Ebola nurse Pauline Cafferkey 'not dishonest', hearing told
A Scots nurse who survived Ebola will not face charges of dishonesty at a misconduct hearing.
Pauline Cafferkey, 40, was infected while working in Sierra Leone in 2014.
The Nursing and Midwifery Council (NMC) is alleging that Ms Cafferkey allowed a wrong temperature to be recorded when she returned to Heathrow and she left a screening area without flagging it up.
But it said she had no case to answer over dishonesty and that her judgement had been impaired due to illness.
The panel at the conduct and competence committee agreed to drop charges about "dishonesty" after the NMC agreed that medical evidence clearly showed Ms Cafferkey's decision-making was impaired due to illness on her return from Sierra Leone.
This means that the NMC will now make submission on two charges relating to Ms Cafferkey on her return to the UK on 28 December 2014.
The first alleges that while in a Public Health England screening area, inside Terminal 4 at Heathrow, she allowed an incorrect temperature to be recorded on her screening form.
The second charge alleges that she left the screening area without reporting her true temperature to medics.

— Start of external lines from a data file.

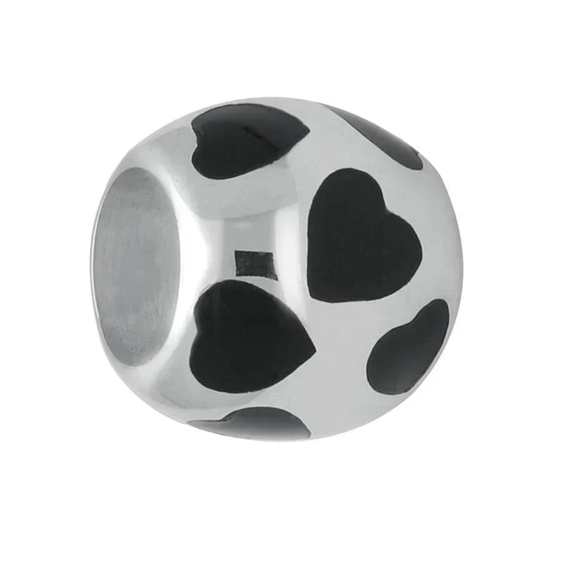 • Sterling Silver Whitby Jet Barrel Hearts Charm - G500 (SGN-701)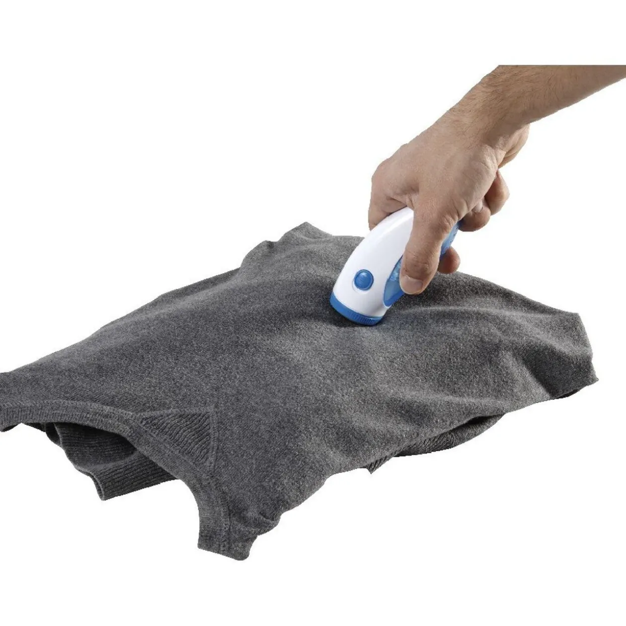 Rasoir antipeluche électrique, dim. 11×4,5 cm, plastique. Pour tout type de textile, bac de récupération de peluches amovible, nettoyage pratique.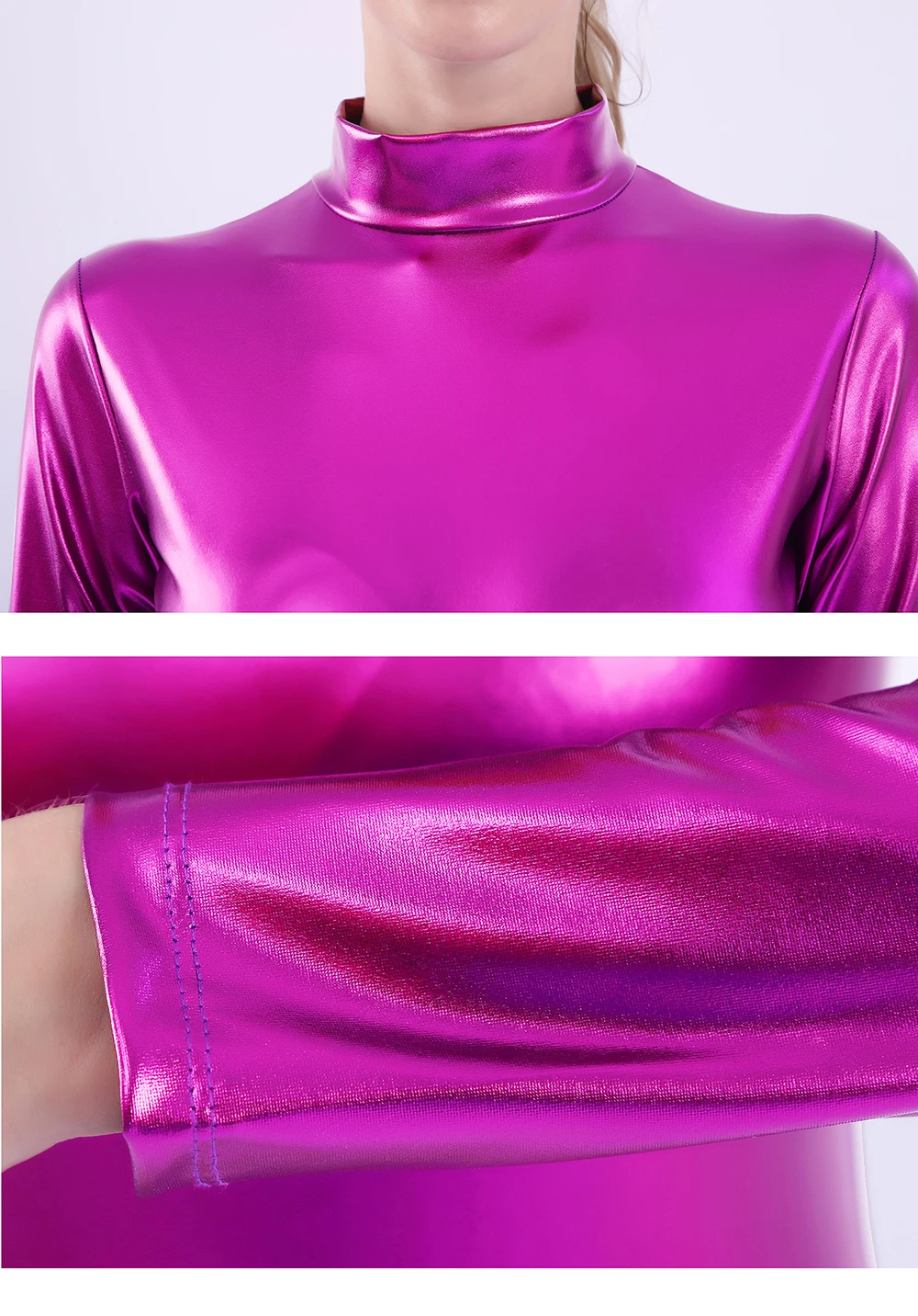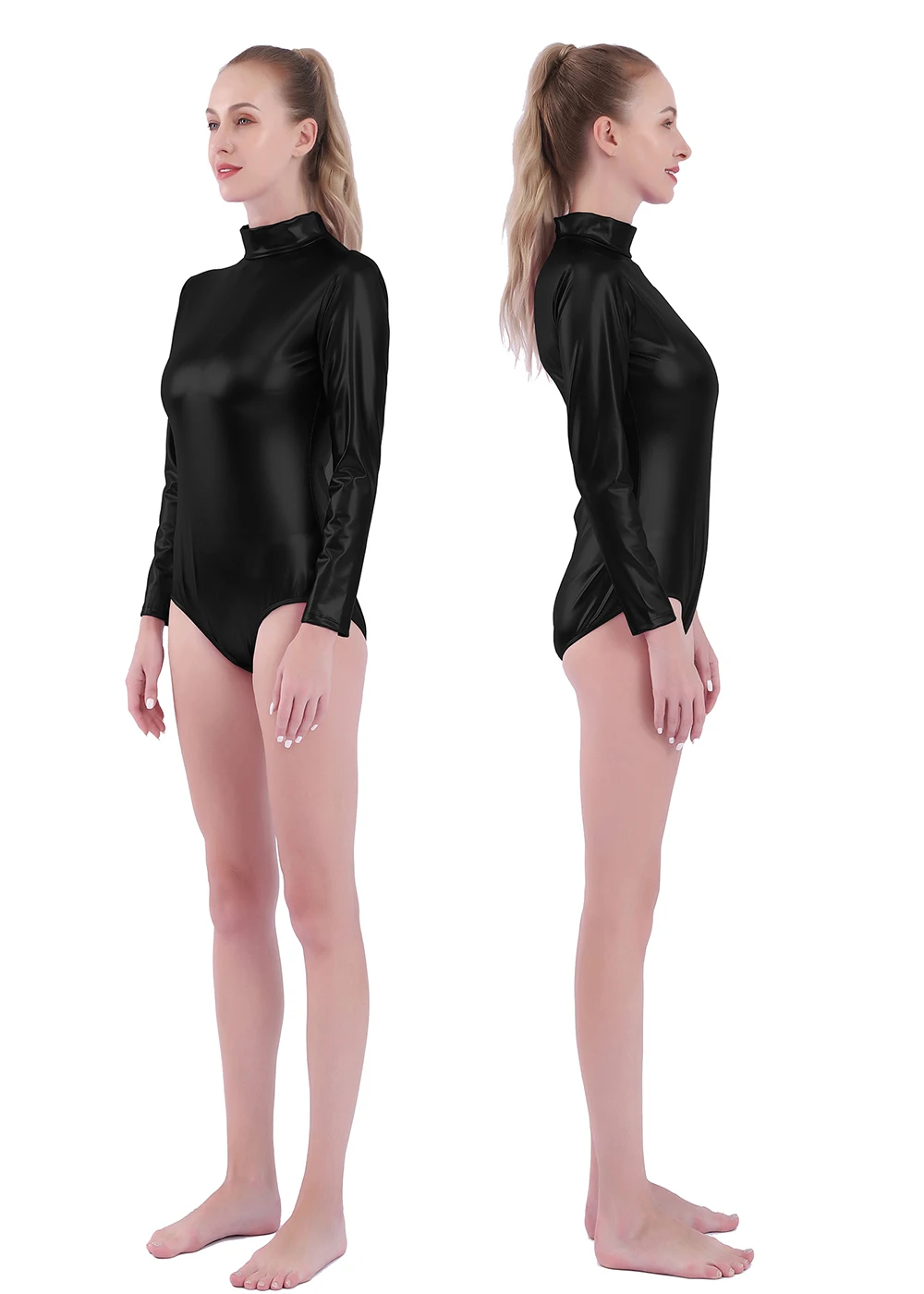 AOYLISEY, Женские Блестящие купальники с длинным рукавом металлик, черные боди, обтягивающие сценические костюмы для сцены, Купальник для балета, танцев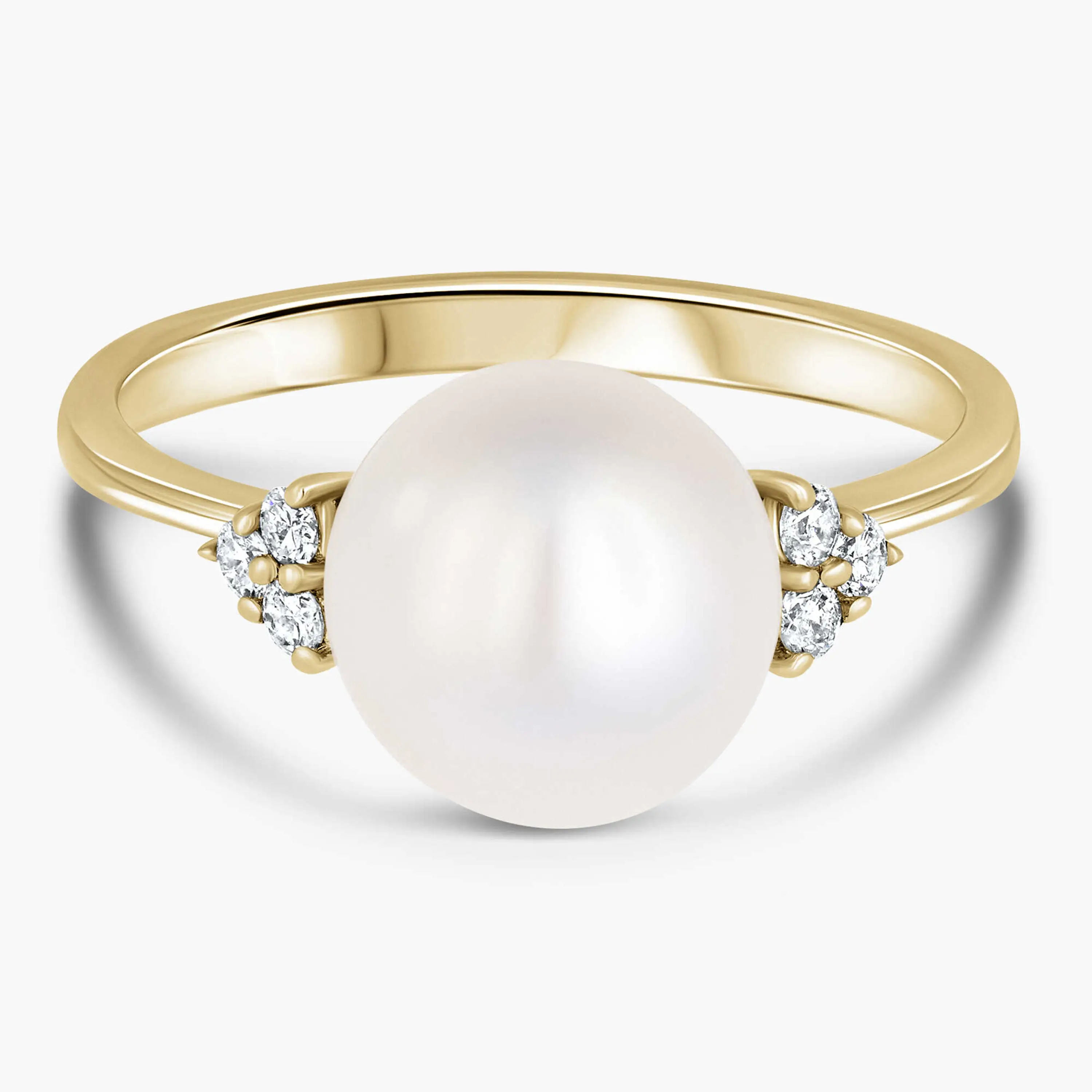 טבעת זהב 14K בשיבוץ פנינת מים מתוקים עגולה בקוטר 9 מ"מ ו6 יהלומים טבעיים ונוצצים- 3 מכל צד.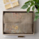 O design é colocado sobre um fundo de madeira recluso e curado, com a escrita de efemera e a publicidade. Uma mistura de cogumelos e amoras-doce-de-safra-vintage é desenhada graficamente com pinturas originais de uma abóbora-branca e folhagem de ferrugem-terra e flores para uma colagem rústica, mas elegante, por uma artista e designer internacionalmente licenciada, Audrey Jeanne Roberts, copyright.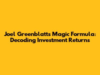Joel Greenblatt's Magic Formula: Decoding Investment Returns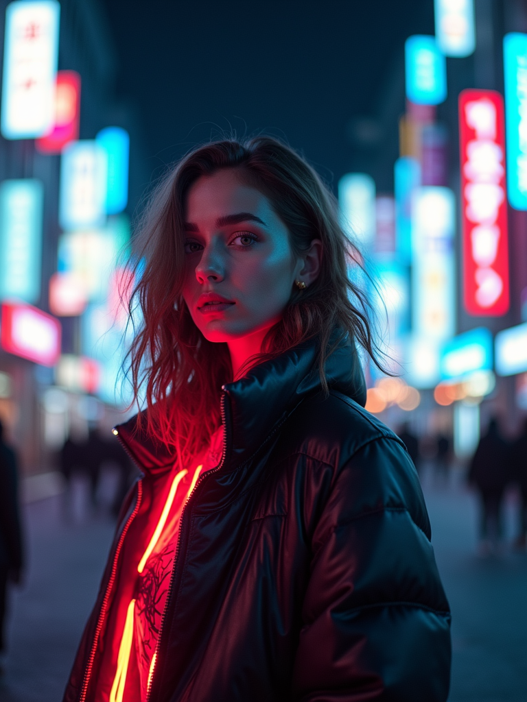 Model standing in neon-lit Tokyo at night, cyberpunk cityscape in the background. Wearing a futuristic jacket, glowing neon accessories . Dramatic lighting, moody reflections.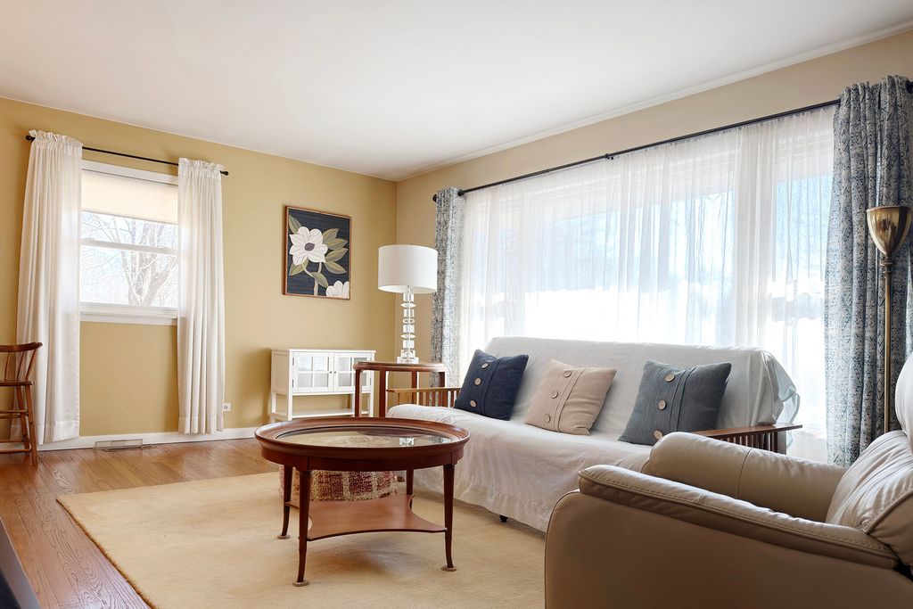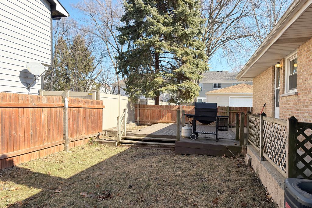 Solid Brick Ranch on very private corner lot near school, playground, shopping, entertainment spots, transportation and all that newer Wheeling has to offer. Hardwood floors throughout. Separate Dining room. First floor laundry. Walk in shower. Newer A/C in 2019. New Roof and Siding on 2 1/2 car garage. Highly sought after Partially finished FULL SIZE WALKOUT BASEMENT Rarely found in this subdivision. Circular drive in front with deck and partially fenced private back yard. Lovingly cared for home by long time owner.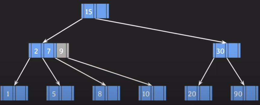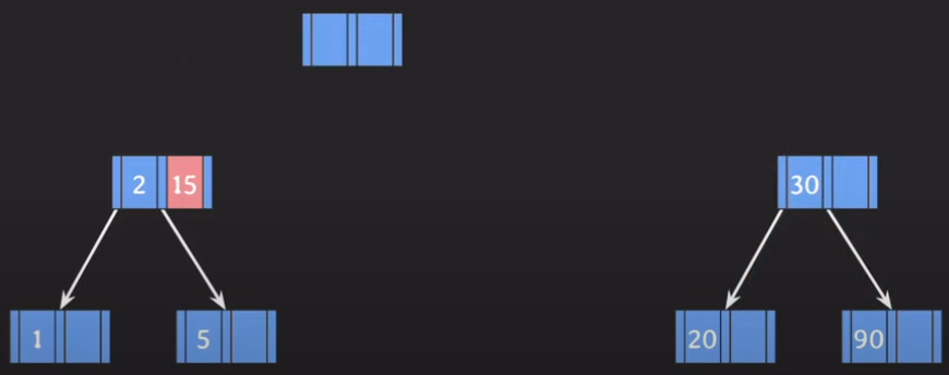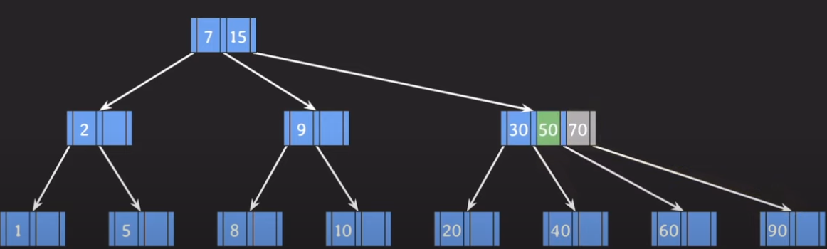 1. 부적절한 상태에 있는 노드가 발생할 경우 가운데 key값을 기준으로 분할하고 가운데 key는 부모노드로 올린다.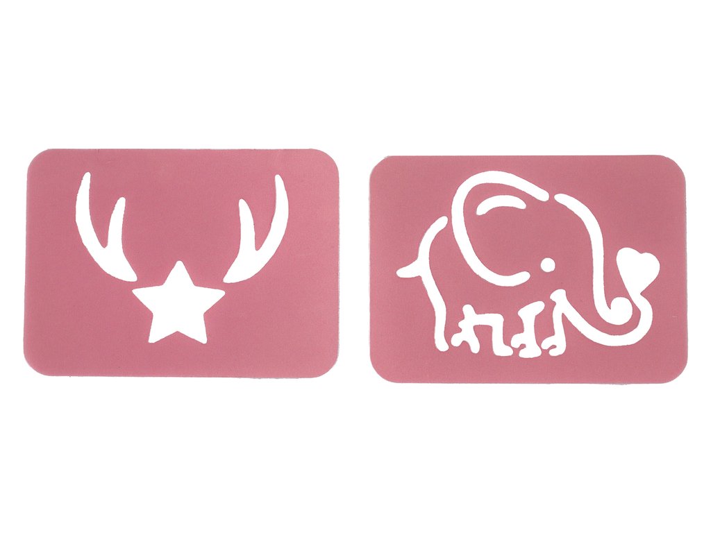 A to ještě není vše! Naše sada obsahuje také dvě šablony ve tvaru slona a hvězdy. Co je vyznačuje? Jsou větší než standardní, což znamená, že je můžeš využít k zdobení různých věcí. Slon a hvězda jsou roztomilé vzory, které dodají zvláštní kouzlo každému projektu tvé malířky.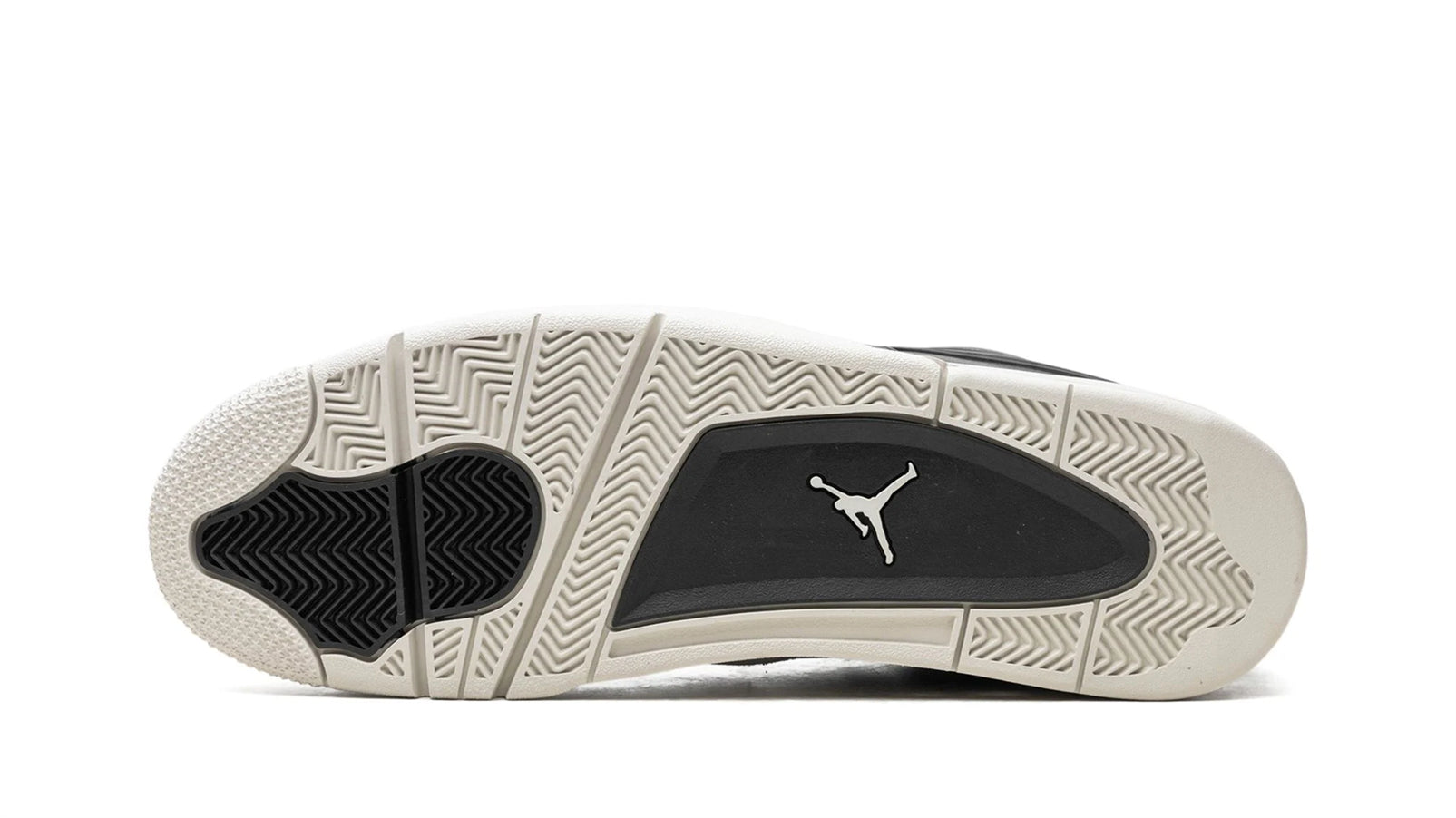 This sneaker features a straightforward colorway of Light Bone. black. and dark gray. Although the majority of the sneaker's design elements come from the Jordan 4. they are reimagined for modern audiences. For example. the plastic lace wings on the side panel take on a different shape and the sneaker doesn't include visible mesh panels on the upper. Leather and durable textile make up the upper. while strong. flexible plastic caging wraps around the shoe and provides support. Like the Jordan 4. this version of the Jordan 4 RM features visible Air Max cushioning and a rubber outsole.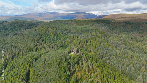 "Dramatic Drone Perspective of Creag Ruadh Historical Monument, Secluded Scottish Wilderness Site Surrounded by Ancient Woodland, Fyrish Estate, Ross-shire, United Kingdom.
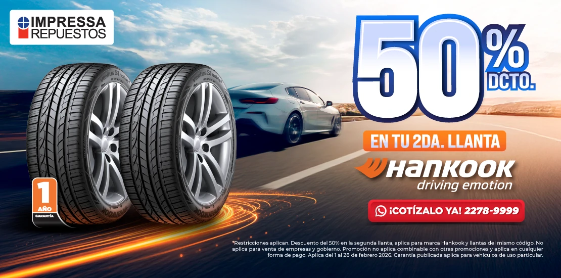 *Restricciones aplican. Descuento del 50% en la segunda llanta, aplica para marca Hankook y llantas del mismo código. No aplica para venta de empresas y gobierno. Promoción no aplica combinable con otras promociones y aplica en cualquier forma de pago. Aplica del 1 al 28 de febrero 2026. garantía publicada aplica para vehículos de uso particular.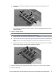 Mise à niveau d'un module mémoire dans le compartiment principal de module mémoire Pour mettre à niveau un module mémoire dans le connecteur principal de module mémoire, procédez comme suit : 1. Enregistrez votre travail. 2. Arrêtez l'ordinateur. Si vous ne savez pas si l'ordinateur est éteint ou en mode Veille prolongée, mettez-le sous tension en appuyant sur l'interrupteur d'alimentation. Mettez-le ensuite hors tension via le système d'exploitation. 3.

During Tuesday's morning session, the panel heard that the screening area at Heathrow airport was "busy, disorganised and even chaotic" when Ms Cafferkey and other medics arrived back from Sierra Leone.
The agreed facts in the case, as presented to the panel, show that the nurse's temperature was recorded twice by a doctor at Heathrow at more than 38C. This was in the presence of another person referred to as "registrant A".
The doctor claims that "registrant A stated at this point that she would record the temperature as 37.2C on Ms Cafferkey's screening form and then they would 'get out of there and sort it out'".
The agreed facts show that Ms Cafferkey stated that she recalled the words "let's get out of here" being used but could not remember who said it or who entered the temperature on her screening form.
The panel was told that Ms Cafferkey accepted that her temperature had been measured at above 38C yet allowed a reading of 37.2C to be recorded on her screening form, after which she continued to the arrivals area.
It was heard that a temperature above 37.5C "is an elevated or pyrexial (feverish) temperature that requires further assessment and should be reported to a consultant".
'Severe viral load'
Ms Cafferkey admitted taking paracetamol at some point after she realised she had an elevated temperature.
When she returned to the screening area, the doctor who examined her found her temperature to be normal and cleared the nurse to fly back to Scotland.
The panel heard that hours later she was diagnosed with one of the most severe viral loads of Ebola ever recorded.
Doctors said early symptoms would have impaired her judgement and that there was no evidence she had been deliberately dishonest to staff.
At the hearing, the NMC's representative said there was no question that Ms Cafferkey and other Ebola doctors were acting for the public good.
But she said they had to ensure they did not cause any risk to others.
She said Ms Cafferkey would have understood the importance of temperature checks and the expectation was that a nurse should "fully cooperate" and disclose her symptoms.
The NMC rep said there were "significant mitigating factors" but the fact Ms Cafferkey did not disclose a symptom of Ebola still "amounts to misconduct".
She said Ms Cafferkey was guilty of "unacceptable professional behaviour" by potentially putting the public at risk.
Pauline Cafferkey's lawyer, Joyce Cullen, argued that her actions did not amount to misconduct.
She said the nurse should be viewed as a patient from the moment the first doctor took her temperature.
She added that Ms Cafferkey "was not acting in a professional capacity" when the incorrect temperature was recorded at Heathrow.
Ms Cafferkey's lawyer pointed to past definitions of misconduct as "usually involving" dishonesty.
She said Ms Cafferkey's ability to assess her own medical condition and make decisions was likely to have been "substantially impaired".
The lawyer said Ms Cafferkey was an Ebola expert with "impeccable record" and it was "so unlikely" that her actions were deliberate.
She also pointed to the "chaotic" scenes at the Heathrow airport screening process.
The NMC had originally alleged that Ms Cafferkey "allowed an incorrect temperature to be recorded" on 28 December 2014 and intended to conceal from Public Health England staff that she had a temperature higher than 38C.
The nurse, from Halfway, Cambuslang, contracted the virus while working as part of a British team at the Kerry Town Ebola treatment centre in 2014.
She spent almost a month in isolation at the Royal Free at the beginning of 2015 after the virus was detected when she arrived back in the UK.
Ms Cafferkey was later discharged after apparently making a full recovery, and in March 2015 returned to work as a public health nurse at Blantyre Health Centre in South Lanarkshire.
In October last year it was discovered that Ebola was still present in her body, with health officials later confirming she had been diagnosed with meningitis caused by the virus.
However in the months that followed, her health suffered as she had issues with her thyroid, her hair fell out and she had headaches and pains in her joints.
But Ms Cafferkey stressed that she felt lucky because she had not lost her sight as others had done.
The hearing was adjourned until Wednesday.